Estimated time needed: **45 to 60** minutes


In this assignment you will be performing data wrangling.


## Objectives


In this lab you will perform the following:


-   Identify duplicate values in the dataset.

-   Remove duplicate values from the dataset.

-   Identify missing values in the dataset.

-   Impute the missing values in the dataset.

-   Normalize data in the dataset.


<hr>


## Hands on Lab


Import pandas module.


In [7]:
import pandas as pd

Load the dataset into a dataframe.


<h2>Read Data</h2>
<p>
We utilize the <code>pandas.read_csv()</code> function for reading CSV files. However, in this version of the lab, which operates on JupyterLite, the dataset needs to be downloaded to the interface using the provided code below.
</p>


The functions below will download the dataset into your browser:


In [8]:
from pyodide.http import pyfetch

async def download(url, filename):
    response = await pyfetch(url)
    if response.status == 200:
        with open(filename, "wb") as f:
            f.write(await response.bytes())

In [9]:
file_path = "https://cf-courses-data.s3.us.cloud-object-storage.appdomain.cloud/IBM-DA0321EN-SkillsNetwork/LargeData/m1_survey_data.csv"

To obtain the dataset, utilize the download() function as defined above:  


In [10]:
await download(file_path, "m1_survey_data.csv")
file_name="m1_survey_data.csv"

Utilize the Pandas method read_csv() to load the data into a dataframe.


In [11]:
df = pd.read_csv(file_name)

> Note: This version of the lab is working on JupyterLite, which requires the dataset to be downloaded to the interface.While working on the downloaded version of this notebook on their local machines(Jupyter Anaconda), the learners can simply **skip the steps above,** and simply use the URL directly in the `pandas.read_csv()` function. You can uncomment and run the statements in the cell below.


In [12]:
#df = pd.read_csv("https://cf-courses-data.s3.us.cloud-object-storage.appdomain.cloud/IBM-DA0321EN-SkillsNetwork/LargeData/m1_survey_data.csv")

## Finding duplicates


In this section you will identify duplicate values in the dataset.


 Find how many duplicate rows exist in the dataframe.


In [13]:

num_duplicates = df.duplicated().sum()

# Step 4: Print the result
print(f"Number of duplicate rows: {num_duplicates}")

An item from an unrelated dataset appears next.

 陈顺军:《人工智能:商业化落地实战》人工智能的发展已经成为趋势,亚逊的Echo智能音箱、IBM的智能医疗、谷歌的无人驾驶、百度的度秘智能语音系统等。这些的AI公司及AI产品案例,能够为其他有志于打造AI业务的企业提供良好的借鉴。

Number of duplicate rows: 154


## Removing duplicates


Remove the duplicate rows from the dataframe.


In [14]:
# Step 1: Remove duplicate rows from the DataFrame
df = df.drop_duplicates()

# Step 2: Print the number of rows after removing duplicates
print(f"Number of rows after removing duplicates: {len(df)}")


Number of rows after removing duplicates: 11398


Verify if duplicates were actually dropped.


In [15]:
# Step 1: Check for any remaining duplicate rows in the DataFrame
num_duplicates_after = df.duplicated().sum()

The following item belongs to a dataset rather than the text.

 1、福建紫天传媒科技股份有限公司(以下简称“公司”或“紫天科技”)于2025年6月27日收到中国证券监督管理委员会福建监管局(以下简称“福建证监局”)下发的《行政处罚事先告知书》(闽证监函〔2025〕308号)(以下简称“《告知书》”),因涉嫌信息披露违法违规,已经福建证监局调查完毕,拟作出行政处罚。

# Step 2: Print the result
print(f"Number of duplicate rows after removing duplicates: {num_duplicates_after}")


Number of duplicate rows after removing duplicates: 0


## Finding Missing values


Find the missing values for all columns.


In [16]:
missing_values = df.isna().sum()

# Step 2: Print the result
print("Missing values in each column:")
print(missing_values)


Missing values in each column:
Respondent        0
MainBranch        0
Hobbyist          0
OpenSourcer       0
OpenSource       81
               ... 
Sexuality       542
Ethnicity       675
Dependents      140
SurveyLength     19
SurveyEase       14
Length: 85, dtype: int64


Find out how many rows are missing in the column 'WorkLoc'


In [None]:
# your code goes here

## Imputing missing values


Find the  value counts for the column WorkLoc.


In [17]:
workloc_counts = df['WorkLoc'].value_counts()

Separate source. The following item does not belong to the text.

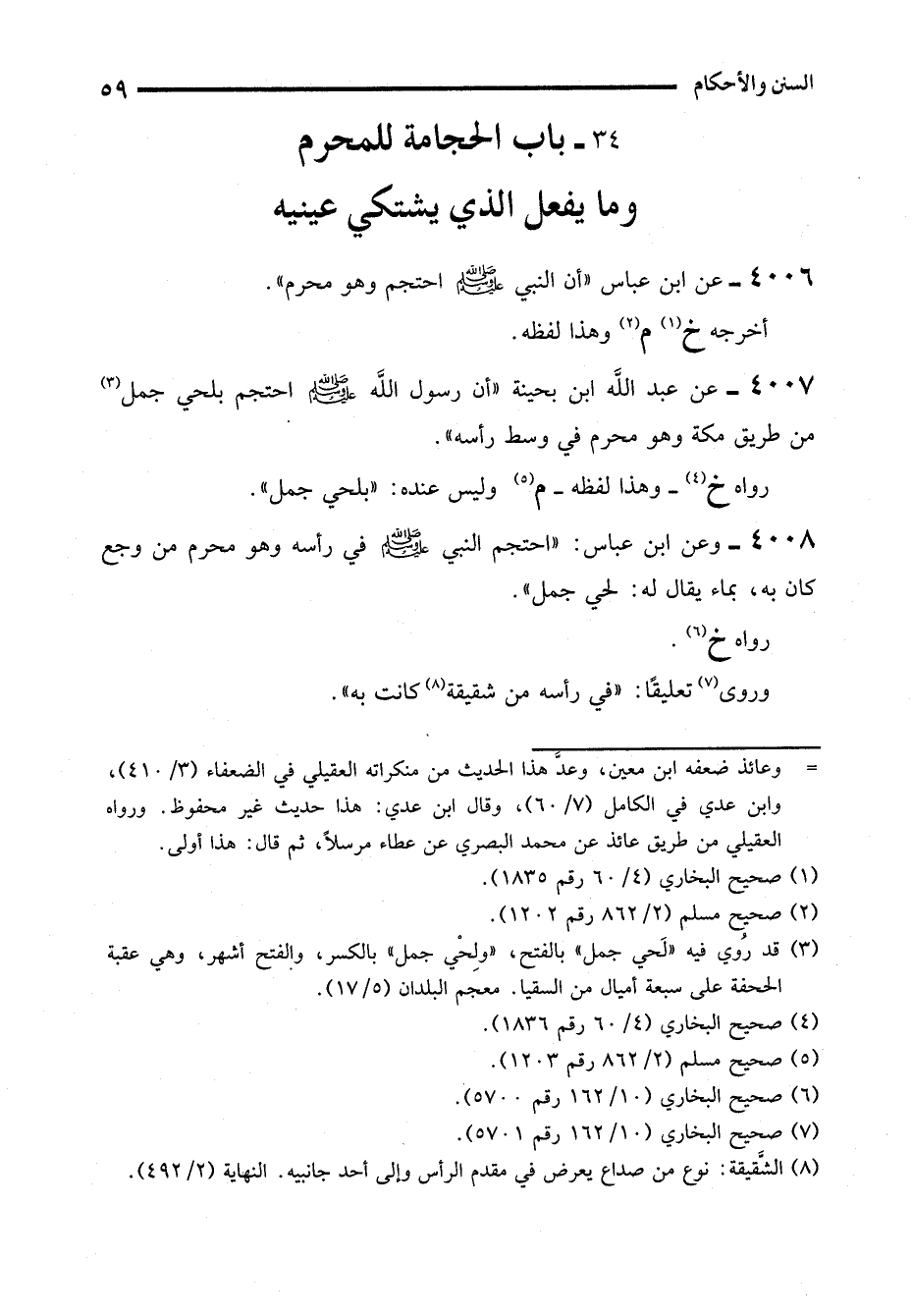 34 - باب الحجامة للمحرم وما يفعل الذي يشتكي عينيه

# Step 2: Print the result
print("Value counts for the 'WorkLoc' column:")
print(workloc_counts)


Value counts for the 'WorkLoc' column:
WorkLoc
Office                                            6806
Home                                              3589
Other place, such as a coworking space or cafe     971
Name: count, dtype: int64


Identify the value that is most frequent (majority) in the WorkLoc column.


In [18]:
workloc_counts = df['WorkLoc'].value_counts()

# Step 2: Identify the most frequent value (majority) in the 'WorkLoc' column
most_frequent_workloc = workloc_counts.idxmax()

# Step 3: Print the result
print(f"The most frequent value in the 'WorkLoc' column is: {most_frequent_workloc}")

The most frequent value in the 'WorkLoc' column is: Office


Impute (replace) all the empty rows in the column WorkLoc with the value that you have identified as majority.


In [20]:
# Step 1: Impute missing values in 'WorkLoc' column with the most frequent value
df['WorkLoc'] = df['WorkLoc'].fillna(most_frequent_workloc)

# Step 2: Verify if missing values have been replaced
missing_values_after_imputation = df['WorkLoc'].isna().sum()
print(f"Number of missing values in 'WorkLoc' after imputation: {missing_values_after_imputation}")


Number of missing values in 'WorkLoc' after imputation: 0


After imputation there should ideally not be any empty rows in the WorkLoc column.


Verify if imputing was successful.


In [21]:
# Step 1: Verify if imputing was successful by checking for any missing values in 'WorkLoc' column
missing_values_after_imputation = df['WorkLoc'].isna().sum()

# Step 2: Print the result
print(f"Number of missing values in 'WorkLoc' after imputation: {missing_values_after_imputation}")

# Alternatively, you can assert that no missing values exist in the column
assert missing_values_after_imputation == 0, "There are still missing values in the 'WorkLoc' column"
print("Imputation was successful, no missing values remain in the 'WorkLoc' column.")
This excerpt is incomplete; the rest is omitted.